Bio-orthogonal noncanonical amino acid tagging (BONCAT)

Given its ability to label newly synthesized polypeptides in specific classes of cells, BONCAT represents another powerful tool for tracking secretory protein-mediated cell-cell interactions. The underlying principle is that cellular translational machinery can recognize and incorporate noncanonical amino acids (ncAAs) into freshly synthesized proteins without perturbation of the metabolic state of the cells. Because the ncAAs are usually pre-modified with azide groups, the synthesized proteins can be further labeled, tracked, and enriched by azide-alkyne cycloaddition (also known as click chemistry) (Figure 2C, upper panel).

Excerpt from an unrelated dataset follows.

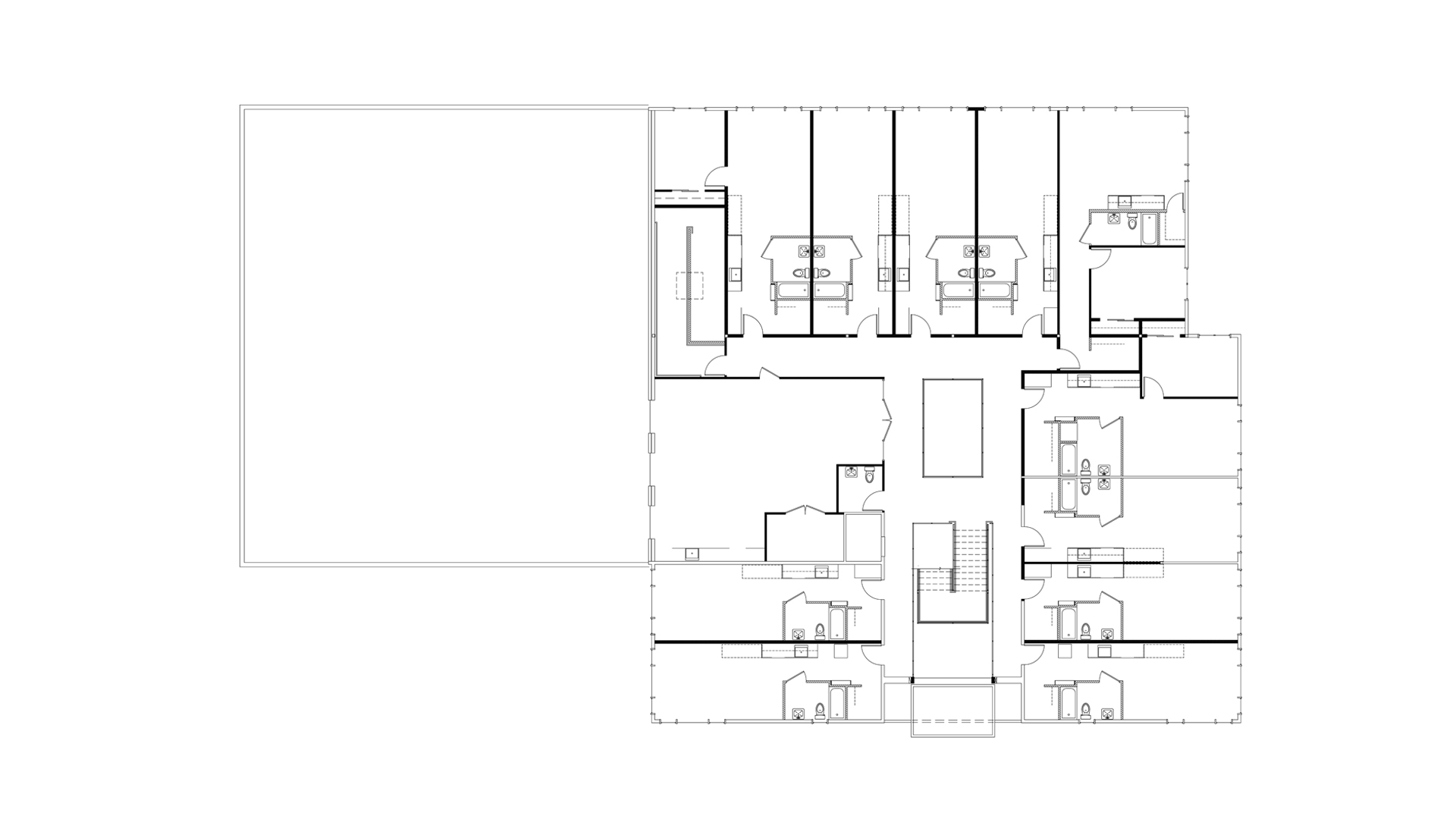 Designed to serve students of a nearby private college, the units are compact and efficiently laid out. The loft units have individual entry doors, a large operable window made of a glass garage door and an upper area sleeping loft that takes advantage of the high ceilings in the former print shop. The main building consists of 12 studios per floor, each floor the same. Inserted into the center of the building is a new grand staircase, lounge and gathering area to bring tenants together and reinforce community. Finally, a large room for tenant events and bike storage fill out the rest of the interior.

Currently, there are 2 widely used ncAAs, the methionine surrogates, azidohomoalanine (AHA) and azidonorleucine (ANL). AHA can be incorporated by endogenous methionyl-tRNA synthetase (MetRS), while ANL can only be recognized by a mutant version of MetRS (L274G, hereafter referred as MetRS*). On this basis, the generation of a floxed MetRS* mouse line enabled cell-type-specific profiling of nascent proteins in vivo¹⁴.

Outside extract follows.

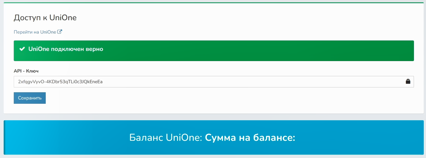 6 Если UniOne подключен верно, появится баланс сервиса

Tirrell and co-workers¹⁵ first used BONCAT to characterize intercellular communication between bacteria and their hosts. They co-cultured the engineered Yersinia enterocolitica, which stably expressed MetRS*, together with host HeLa cells. Because the newly synthesized bacterial proteins were labeled with an azide group upon addition of ANL, the corresponding secreted proteins including those virulent ones injected into host cells could be distinguished and separated by examination of the culture medium and host cells, respectively (Figure 2C, lower panel). Thus, the BONCAT system facilitated selective enrichment of microbial proteins within host cells, to identify new targets for antimicrobial therapy. By using BONCAT in combination with pulse stable isotope labeling with amino acids in cell cultures (SILAC), Leuschner and co-workers¹⁶ successfully characterized hypoxia-induced secretomes of primary cardiomyocytes. In their experimental setting, the primary murine cardiomyocytes were incubated with AHA to label the freshly synthesized proteins, subsequently subjected to hypoxia; and then the supernatants were collected for proteomics analyses (Figure 2C, lower panel). Overall, BONCAT possesses many advantages for analyses of intercellular communications. It can be used within primary cells to label secreted proteins from both classical and nonclassical secretory pathways. Due to the lack of an endogenous blood background, it displays higher sensitivity when compared with the aforementioned biotin-dependent proximity strategy. However, a major limitation of BONCAT is that it cannot label proteins that have existed before addition of methionine surrogates, resulting in the inability to detect information of stored proteins.